I oczywiście, nie neguje, że są piękne porody domowe, bo wiadomo, że w domu jest zupełnie inaczej, ale poród to proces, który jak widać może się w trakcie mega zmienić. U mnie w rodzinie dużo dziewczyn rodziło w ten sposób i byłam przekonana, że u mnie też tak będzie. A to stało się dla mnie traumą. I tak bardzo nie chciałam do szpitala, a o ironio sprawiłam, że trafiliśmy tam na dwa tygodnie przez stan dziecka i mój. Do dziś siedzi mi to w głowie.
 
Tak, oczywiście wyszłabym z tego jeszcze bardziej poturbowana, ale myślę, że z dzieckiem byłoby lepiej.
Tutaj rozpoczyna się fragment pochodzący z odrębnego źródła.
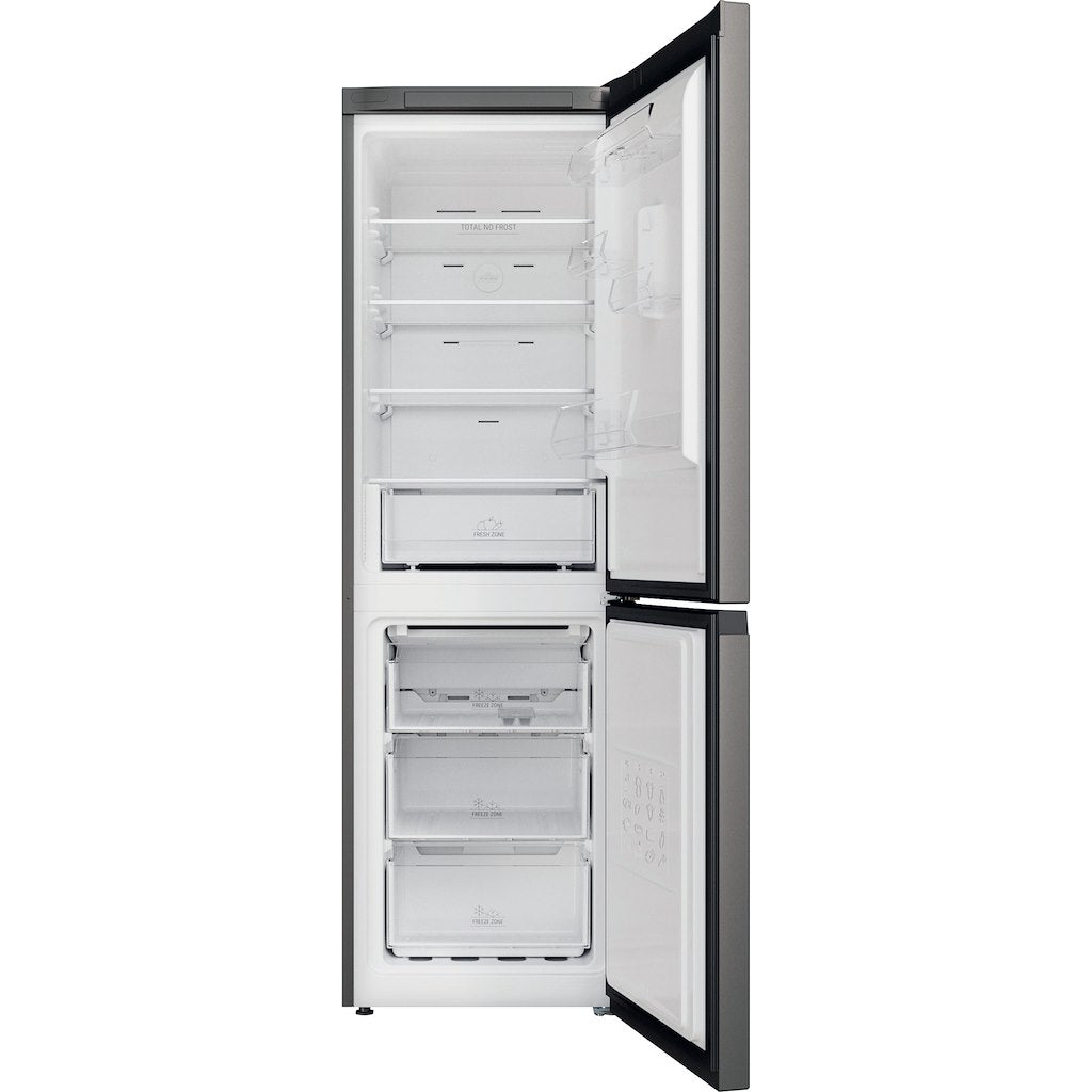 You can count on the Hotpoint freestanding H5X 82O SK fridge freezer in silver black, which takes care of your fresh and frozen food. Our Total No Frost technology circulates the air to prevent any ice build up which means you never have to defrost your fridge freezer again avoiding soggy salads. The Active Fresh function helps you to prevent food waste by ensuring the ideal temperature levels for longer food preservation by quickly restoring the fridge to the optimum temperature after opening and closing it. This model also features a dedicated Fresh Zone drawer that takes care of your salads and ensures long lasting freshness of your vegetables.

I oczywiście, nie neguje, że są piękne porody domowe, bo wiadomo, że w domu jest zupełnie inaczej, ale poród to proces, który jak widać może się w trakcie mega zmienić. U mnie w rodzinie dużo dziewczyn rodziło w ten sposób i byłam przekonana, że u mnie też tak będzie. A to stało się dla mnie traumą. I tak bardzo nie chciałam do szpitala, a o ironio sprawiłam, że trafiliśmy tam na dwa tygodnie przez stan dziecka i mój. Do dziś siedzi mi to w głowie.
A późniejszy poród szpitalny był piękny? Bo rozumiem, że rodziłaś w szpitalu drugie dziecko?
Wybrałaś ten oddalony o 30 minut, czy inny?